----- RECORDS -----
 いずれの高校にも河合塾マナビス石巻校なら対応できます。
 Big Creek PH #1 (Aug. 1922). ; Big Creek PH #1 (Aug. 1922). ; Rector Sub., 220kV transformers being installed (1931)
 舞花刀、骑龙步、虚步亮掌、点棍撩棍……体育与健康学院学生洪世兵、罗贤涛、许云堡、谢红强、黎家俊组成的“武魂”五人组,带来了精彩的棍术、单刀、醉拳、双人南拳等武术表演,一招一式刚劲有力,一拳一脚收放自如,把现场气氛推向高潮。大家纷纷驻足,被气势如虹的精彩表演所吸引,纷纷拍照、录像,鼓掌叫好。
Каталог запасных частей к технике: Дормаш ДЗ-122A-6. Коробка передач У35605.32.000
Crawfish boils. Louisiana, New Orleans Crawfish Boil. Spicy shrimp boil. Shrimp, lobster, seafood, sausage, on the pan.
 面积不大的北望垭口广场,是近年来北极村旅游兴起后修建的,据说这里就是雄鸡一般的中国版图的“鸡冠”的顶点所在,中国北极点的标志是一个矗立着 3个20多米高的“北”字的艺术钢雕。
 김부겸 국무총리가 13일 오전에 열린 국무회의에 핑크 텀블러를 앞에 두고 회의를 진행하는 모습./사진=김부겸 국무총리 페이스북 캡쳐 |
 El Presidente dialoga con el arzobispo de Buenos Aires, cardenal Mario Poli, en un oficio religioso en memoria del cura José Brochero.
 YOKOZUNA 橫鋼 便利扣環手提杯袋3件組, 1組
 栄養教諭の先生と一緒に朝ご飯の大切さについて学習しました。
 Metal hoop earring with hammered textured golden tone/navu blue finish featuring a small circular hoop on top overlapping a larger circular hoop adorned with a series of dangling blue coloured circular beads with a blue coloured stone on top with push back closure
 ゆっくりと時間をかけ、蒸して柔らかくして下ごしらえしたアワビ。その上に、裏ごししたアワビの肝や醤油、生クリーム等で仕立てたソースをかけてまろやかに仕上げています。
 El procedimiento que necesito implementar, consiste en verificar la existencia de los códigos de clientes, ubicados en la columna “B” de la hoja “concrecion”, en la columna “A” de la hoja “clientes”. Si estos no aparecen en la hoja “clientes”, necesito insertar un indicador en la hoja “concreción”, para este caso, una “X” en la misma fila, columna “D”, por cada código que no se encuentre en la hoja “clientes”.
-----
# PROBLEM STATEMENT:
Print, exactly as written, the first line of the records above and each line after it until the line with "栄養教諭の先生と一緒に朝ご飯の大切さについて学習しました。", which is printed too.

# EXERCISE OUTPUT:
 いずれの高校にも河合塾マナビス石巻校なら対応できます。
 Big Creek PH #1 (Aug. 1922). ; Big Creek PH #1 (Aug. 1922). ; Rector Sub., 220kV transformers being installed (1931)
 舞花刀、骑龙步、虚步亮掌、点棍撩棍……体育与健康学院学生洪世兵、罗贤涛、许云堡、谢红强、黎家俊组成的“武魂”五人组,带来了精彩的棍术、单刀、醉拳、双人南拳等武术表演,一招一式刚劲有力,一拳一脚收放自如,把现场气氛推向高潮。大家纷纷驻足,被气势如虹的精彩表演所吸引,纷纷拍照、录像,鼓掌叫好。
Каталог запасных частей к технике: Дормаш ДЗ-122A-6. Коробка передач У35605.32.000
Crawfish boils. Louisiana, New Orleans Crawfish Boil. Spicy shrimp boil. Shrimp, lobster, seafood, sausage, on the pan.
 面积不大的北望垭口广场,是近年来北极村旅游兴起后修建的,据说这里就是雄鸡一般的中国版图的“鸡冠”的顶点所在,中国北极点的标志是一个矗立着 3个20多米高的“北”字的艺术钢雕。
 김부겸 국무총리가 13일 오전에 열린 국무회의에 핑크 텀블러를 앞에 두고 회의를 진행하는 모습./사진=김부겸 국무총리 페이스북 캡쳐 |
 El Presidente dialoga con el arzobispo de Buenos Aires, cardenal Mario Poli, en un oficio religioso en memoria del cura José Brochero.
 YOKOZUNA 橫鋼 便利扣環手提杯袋3件組, 1組
 栄養教諭の先生と一緒に朝ご飯の大切さについて学習しました。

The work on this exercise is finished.